Attorney General of St Helena v AB and others (St Helena) [2020] UKPC 1 

This article originally appeared in Issue 5 (May 2020).

This case arose out of two actions for damages for personal injury brought against a doctor employed on the island of St Helena (in the South Atlantic Ocean). The trial judge had awarded the claimants significant damages for PSLA, calculated using the Judicial College Guidelines for the Assessment of General Damages in Personal Injury Cases (“JC Guidelines”) published in England and Wales. The issue in these proceedings was whether the trial judge should have discounted the amounts awarded by one third to reflect the differences in average earnings between those in St Helena and those in England and Wales. 

It was agreed that quantification of PSLA damages in St Helena was a matter governed by the common law of England.

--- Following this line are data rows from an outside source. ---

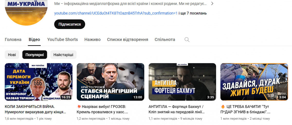 Собственно, видео с наибольшим количеством просмотров на канале "Мы – Украина" – это годичной давности интервью Олега Панюты и Людмилы Добровольской с "мастером нумерологии", участником "Битвы экстрасенсов" Владиславом Грицаем. У видео 1,6 миллиона просмотров. Реальность, так сказать, которой мы заслуживаем.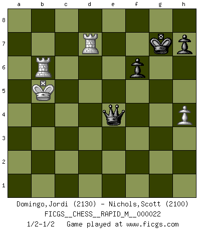 Last move : 1/2-1/2 2010 January 16 16:4:26 [Event "FICGS__CHESS__RAPID_M__000022"] [Site "FICGS"] [Date "2009.11.07"] [Round "1"] [White "Domingo,Jordi"] [Black "Nichols,Scott"] [Result "1/2-1/2"] [WhiteElo "2130"] [BlackElo "2100"] 1.e4 c5 2.Nf3 d6 3.d4 cxd4 4.Nxd4 Nf6 5.Nc3 a6 6.Be3 e5 7.Nb3 Be6 8.f3 Be7 9.Qd2 O-O 10.O-O-O Nbd7 11.g4 b5 12.g5 b4 13.Ne2 Ne8 14.f4 a5 15.f5 a4 16.Nbd4 b3 17.Kb1 exd4 18.Nxd4 bxc2+ 19.Nxc2 Bb3 20.axb3 axb3 21.Na3 Ne5 22.h4 Ra4 23.f6 gxf6 24.Qg2 Kh8 25.Bb5 Rxa3 26.bxa3 Qa8 27.Rd4 Nc7 28.Qe2 d5 29.gxf6 Nxb5 30.Qxb5 Nc4 31.fxe7 Nxa3+ 32.Kb2 Nxb5 33.Ra4 Qb8 34.exf8Q+ Qxf8 35.Rha1 Kg7 36.Ra6 f6 37.Rg1+ Kh8 38.Bc5 Qb8 39.Rb6 Qh2+ 40.Kxb3 d4 41.Rc1 Qf4 42.Rc4 Qg3+ 43.Kb4 d3 44.Be7 d2 45.Rc8+ Kg7 46.Rd8 Qa3+ 47.Kxb5 Qxe7 48.Rxd2 Qxe4 49.Rd7+ 1/2-1/2 Sicilian : Najdorf, Byrne (English) attack Kingside Castling by player Black (move 9) Queenside Castling by player White (move 10) Promotion Queen by player White (move 34) 10 pieces endgame at move 47 : White KRRPP , Black KQPPP WHITE : King + 2 Rooks 2 Pawns BLACK : King + 1 Queen 3 Pawns 9 pieces endgame at move 48 : White KRRPP , Black KQPP WHITE : King + 2 Rooks 2 Pawns BLACK : King + 1 Queen 2 Pawns 8 pieces endgame at move 48 : White KRRP , Black KQPP WHITE : King + 2 Rooks 1 Pawn BLACK : King + 1 Queen 2 Pawns This chess game ended in a draw. Follow this game move after move (download)Strategy requires thought, tactics require observation. (Max Euwe) Ich kenne keine einzige Person, die behaupten würde, Garri Kasparow sei ein guter Mensch (Nigel Short) Un jugador que es sorprendido, esta derrotado a medias. (Proverbio) Vous n'êtes pas toujours obligé de jouer le meilleur coup. Un coup doit être actif, entreprenant, correct et beau ! (David Bronstein) Philosophers use a language that is already deformed as though by shoes that are too tight. (Ludwig Wittgenstein)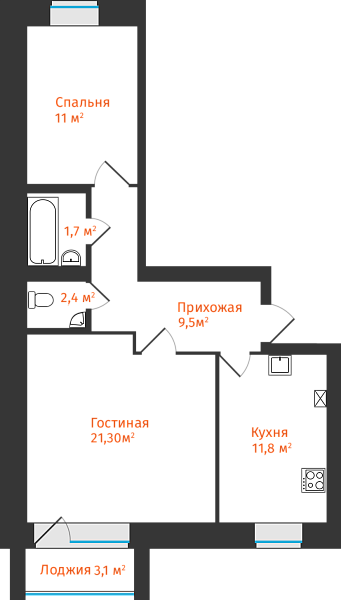 Новая 2-комнатная квартира в ЖК Норские резиденции на 2 этаже площадью 59.40 м² в 2 подъезде номер 21

The issue was whether local circumstances made adaptation to the common law necessary. 

At [22] the Board started by setting out the purpose of PSLA damages, namely to compensate the Claimant for non-pecuniary injury. At [23] the Board noted that: “An important part of the purpose of PSLA damages is that they should reflect what society as a whole considers to be fair and reasonable compensation for the victim…” noting that in difference societies, the amount that is fair may differ. 

At [29] to [30] the Board emphasised the principle that the identity of the Defendant must be irrelevant to the assessment of PSLA. The Board noted at [32] the suggestion by the Attorney General’s counsel that:

“the Board should have regard to the fact that a rise in the level of PSLA damages awarded against the Government of St Helena might lead to a corresponding scarcity in its resources for provision of its other services and activities on the island.” 

This argument was given short shrift and at [33] it was noted that:

“In the Board’s view this particular contest misses the point. Fairness or justice to defendants is not about an individual defendant, but about defendants as a whole. They may be governmental, they may be multinational corporations or private individuals, insured or uninsured, rich or poor, solvent or insolvent. The cost to society of a fault-based system of defendant liability for causing pain and suffering may well have a bearing upon the level of compensation for PSLA which society may regard as fair, just and reasonable, but the concept of fairness to defendants does not require a form of equitable balancing of the type contended for by the Attorney General in his written submissions. This is an aspect of pure common law, in which equity plays no part.” 

The Board went on to consider a further argument as to whether there was sufficient evidence before the lower court to come to its conclusions. The Board dismissed this ground of appeal too. 

Overall, this short judgement of the Judicial Committee of the Privy Council is a helpful reminder of the purpose of PSLA damages and the basic principles upon which they are founded.